Bright Futures for Oral Health at http://brightfutures.aap.org/practice_guides_and_other_resources.html;

California Childcare Health Program Health and Safety in the Child Care Setting: Promoting Children’s Oral Health A Curriculum for Health Professionals and Child Care Providers (in English and Spanish) at http://cchp.ucsf.edu/ and its 12345 first smiles program at http://first5oralhealth.org;

and National Training Institute for Child Care Health Consultant’s Healthy Smiles Through Child Care Health Consultation course at http://nti.unc.edu/healthy_smiles/.
TYPE OF FACILITY
Center
RELATED STANDARDS
3.1.4.3 Pacifier Use
3.1.5.1 Routine Oral Hygiene Activities
3.1.5.2 Toothbrushes and Toothpaste
4.2.0.7 100% Fruit Juice
9.2.3.14 Oral Health Policy
REFERENCES
  1. American Academy of Pediatrics, Oral Health Initiative. Protecting All Children's Teeth (PACT): A pediatric oral health training program. Factors in Development: Bacteria. http://www2.aap.org/oralhealth/pact/
  2. Dye, B. A., J. D. Shenkin, C. L. Ogden, T. A. Marshould, S. M. Levy, M. J. Kanellis. 2004. The relationship between healthful eating practices and dental caries in children aged 2-5 years in the United States. J Am Dent Assoc 135:55-66.
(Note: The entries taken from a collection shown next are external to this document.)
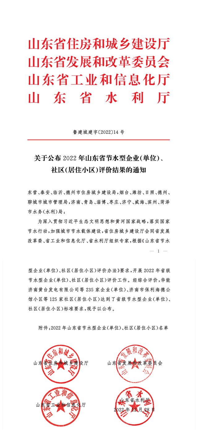 近日,山東省住房和城鄉(xiāng)建設(shè)廳會同山東省發(fā)展和改革委員會、山東省工業(yè)和信息化廳、山東省水利廳發(fā)布了《關(guān)于公布2022年山東省節(jié)水型企業(yè)(單位)、社區(qū)(居住小區(qū))評價(jià)結(jié)果的通知。經(jīng)綜合評價(jià),公司達(dá)到了省級節(jié)水型企業(yè)的標(biāo)準(zhǔn)要求,獲評山東省節(jié)水型企業(yè)。
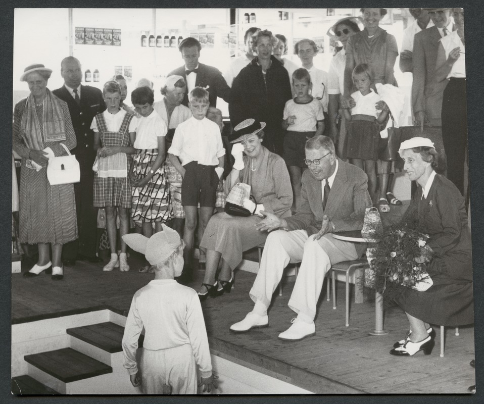 Bilden föreställer kungaparet drottning Louise och Gustav VI Adolf på barnteater i avdelning "Leka och Lära". Kungaparet är omgivna av andra åskådare vuxna och barn.
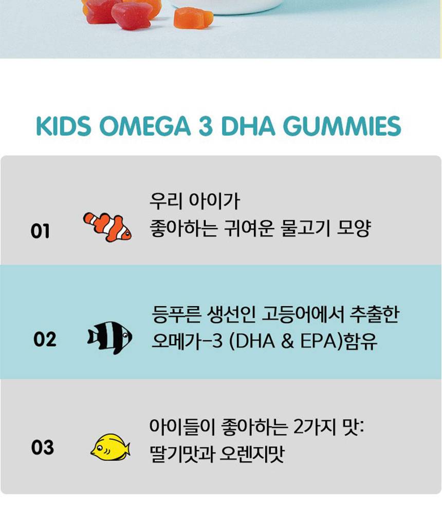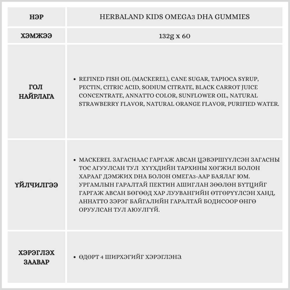 Хүүхдүүдэд шаардлагатай шим тэжээлийг амттай зажилдаг желли хэлбэртэй хүүхдийн омега3 юм. Чихрийн нишингэ болон тапиока сиропоор эрүүл мэндэд тустай чихэрлэг амтыг гаргаж, байгалийн гүзээлзгэнэ болон жүржийн үнэрээр баяжуулсан.
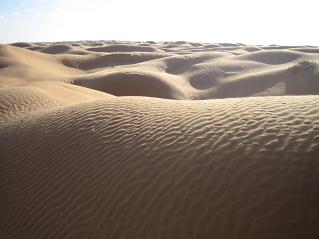 マトマタからさらに南下、ついにサハラ砂漠、Ksar Ghilane(クサール・ギレン)へ。 らくだに乗ってサハラ砂漠を歩く。どこまで行っても砂丘が続き、永遠に歩いていかれそうな気がする。 悠久のロマンとはこのこと・・・。らくだ引きが歌うアラブの歌も遠くこだまするように聞こえる。 今日はイスラム教の儀式、犠牲祭なので、見渡す限りらくだすら居ない。 私達だけのサハラ・・・。 | |||||||||||||||||||||
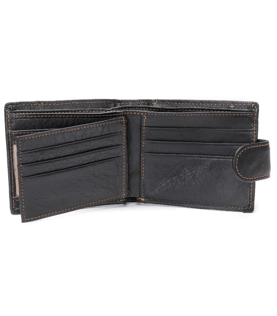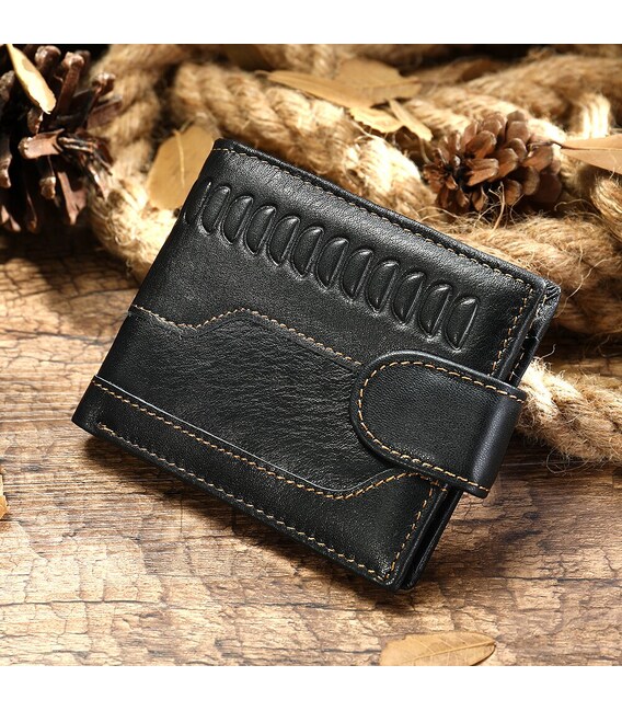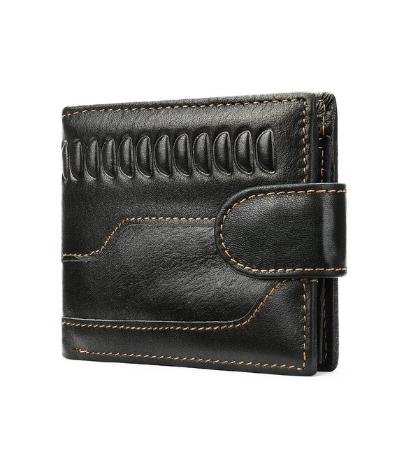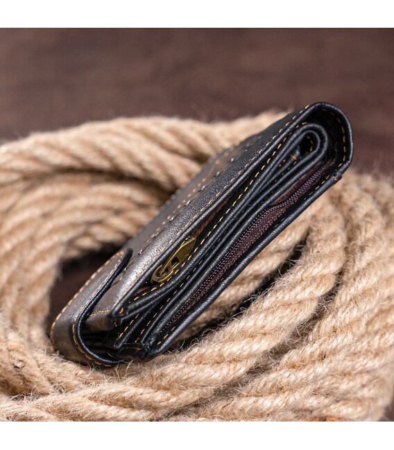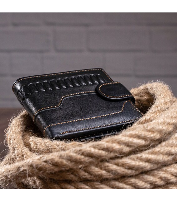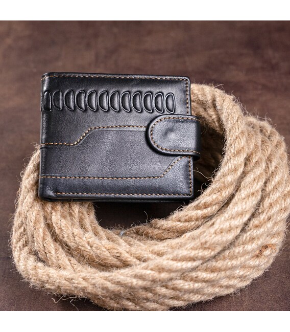 Функціональний та стильний гаманець для чоловіків з тисненням. Аксесуар з натуральної шкіри. Компактний гаманець легко поміститься в вашу сумку або кишеню. По краях модель прошита світлою ниткою. Виріб закривається на шкіряний хлястик з кнопкою. Гаманець прекрасно підійде на подарунок для чоловіків.
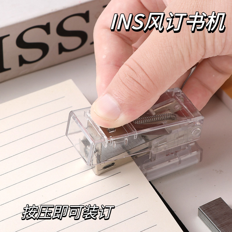 无印风透明迷你小号订书机学生用小巧省力便携办公装订书器定书机

  3. American Academy of Pediatric Dentistry, Clinical Affairs Committee, Council on Clinical Affairs. 2008-2009. Guideline on periodicity of examination, preventive dental services, anticipatory guidance/counseling, and oral treatment for infants, children, and adolescents. Pediatric Dentistry30:112-18.
  4. American Academy of Pediatrics, Committee on Practice and Ambulatory Medicine.2016. Policy statement: 2016 Recommendations for preventive pediatric health care. http://pediatrics.aappublications.org/content/early/2015/12/07/peds.2015-3908 
  5. American Academy of Pediatrics, Section on Pediatric Dentistry. 2009. Policy statement: Oral health risk assessment timing and establishment of the dental home. Pediatrics 124:845.
  6. American Academy of Pediatrics, Section on Pediatric Dentistry.2008. Preventive oral health intervention for pediatricians. Pediatrics 122:1387-94.